Puji syukur kepada Allah Subhanallahu wa ta’ala yang telah menciptakan langit dan bumi seluas mata memandang, yang di isinya dengan makhluk ciptaan-Nya. Yang telah menjadikan malam dan siang silih berganti serta memperjalankan seorang hamba pilihan-Nya ditengah malam sunyi dengan kecepatan kilat.

Sholawat agung berserta salam tidak pernah kering tersanjung dari lisan-lisan pengharap syafa’at hari kiamat kepada hamba pilihan sang pemberi rahmat. Sayyidana Muhammad shalallahu ‘alaihi wasalam.

Isra’ wal Mi’raj adalah bentuk legatitas serta pengukuhan kepada Nabi Muhammad sebagai utusan Allah dan sebagai nabi akhir zaman. Allah memperjalankan Nabi Muhammad ditengah malam yang sunyi berangkat dari Masjid Al-Haram di kota makkah dan tiba di Masjid Al-Aqsa di kota Palestina dengan waktu yang sangat singkat dengan kecepatan cahaya. Menaiki tunggangan mulia dari surga yang disebutnya buroq yang langkah kakinya berjarak mata memandang.

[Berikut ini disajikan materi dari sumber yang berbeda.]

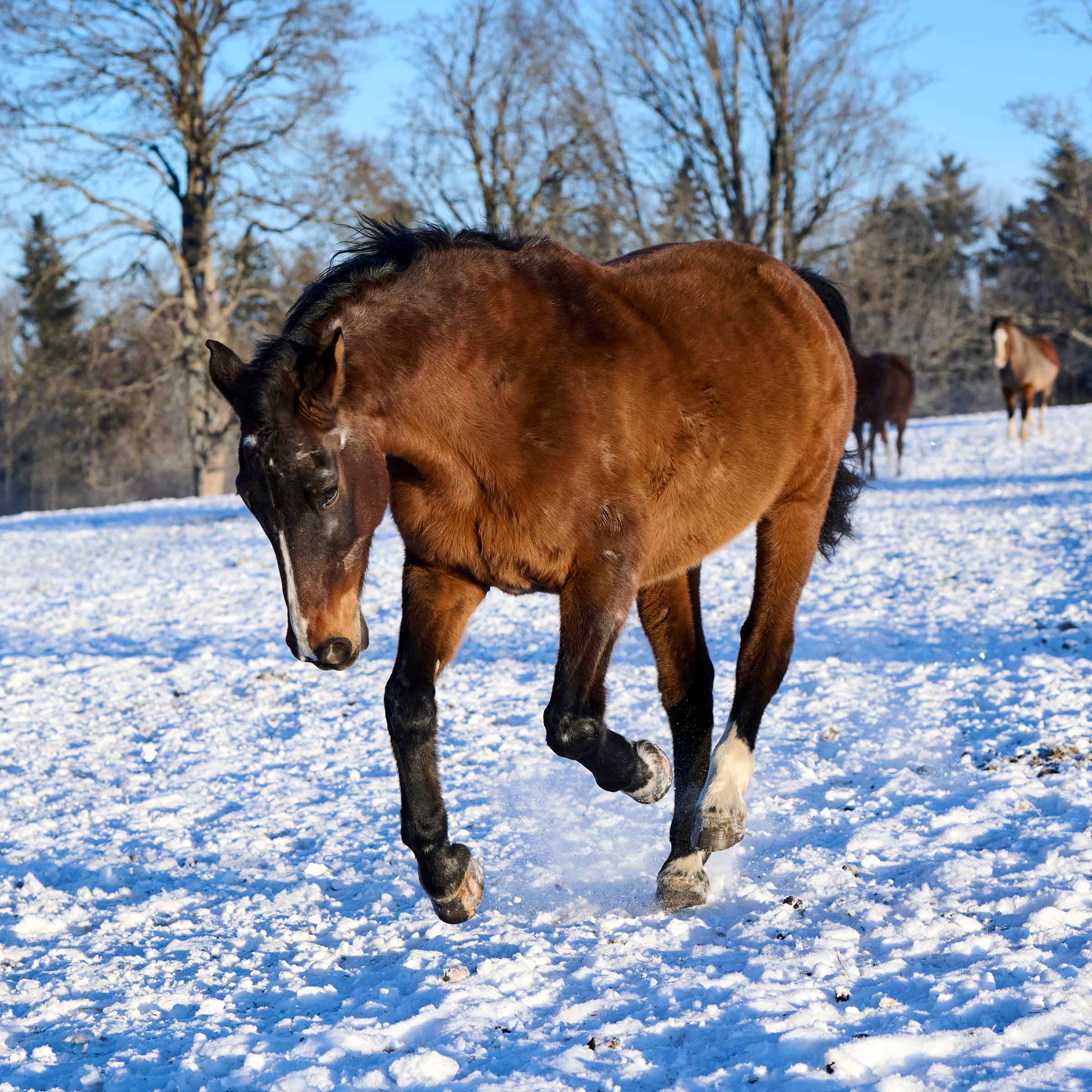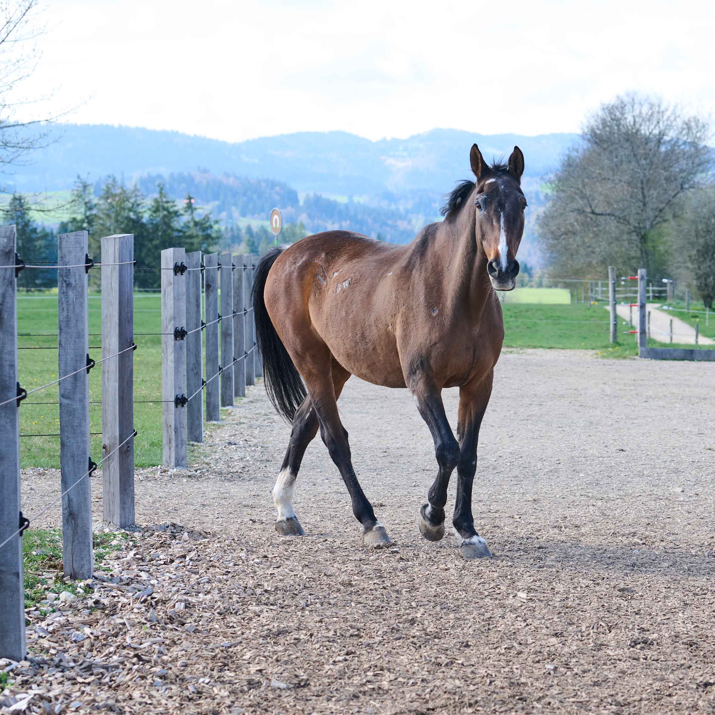 dünne blesse auf Nasenrücken; linker Hinter- und Vorderfuss weiss

Tentang waktu kapan Rasulullah Isra’ dan Mi’raj ulama berbeda pendapat, ada 10 pendapat tentang perbedaan waktu Isra’ dan Mi’raj tetapi telah dikerucutkan menjadi 7 perbedaan ulama. Ada yang berpendapat bahwa waktu nabi diperjalankan itu pada bulan Ramadhan, ada juga yang berpendapat pada bulan Rabiul Awwal, ada juga yang bulan Rajab.

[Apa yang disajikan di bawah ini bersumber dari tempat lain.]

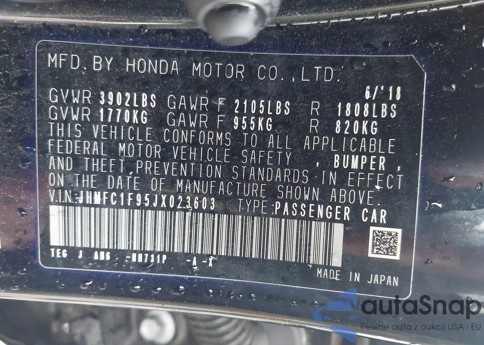 VIN: JHMFC1F95JX023603

Sebagaimana yang paling banyak diambil pendapatnya adalah pada bulan Rajab. Pendapat ini dikemukakan oleh Imam An-Nawawi dalam suatu riwayat. Pendapat ini diikuti oleh mayoritas ulama setelahnya. Pun perbedaan pendapat lagi mengenai tanggalnya meskipun sama-sama sepakat bulan rajab adalah bulan dimana Rasulullah Isra’ wal Mi’raj. Lagi lagi pendapat yang paling banyak yang sering dijadikan pedoman yaitu pada tangal 27 Rajab tepatnya. Tetapi meskipun banyak perpedaan bukan menjadi suatu hambatan untuk para mujtahid dan ulama ulama terdahulu begitu juga ulama kini menemukan persatuan.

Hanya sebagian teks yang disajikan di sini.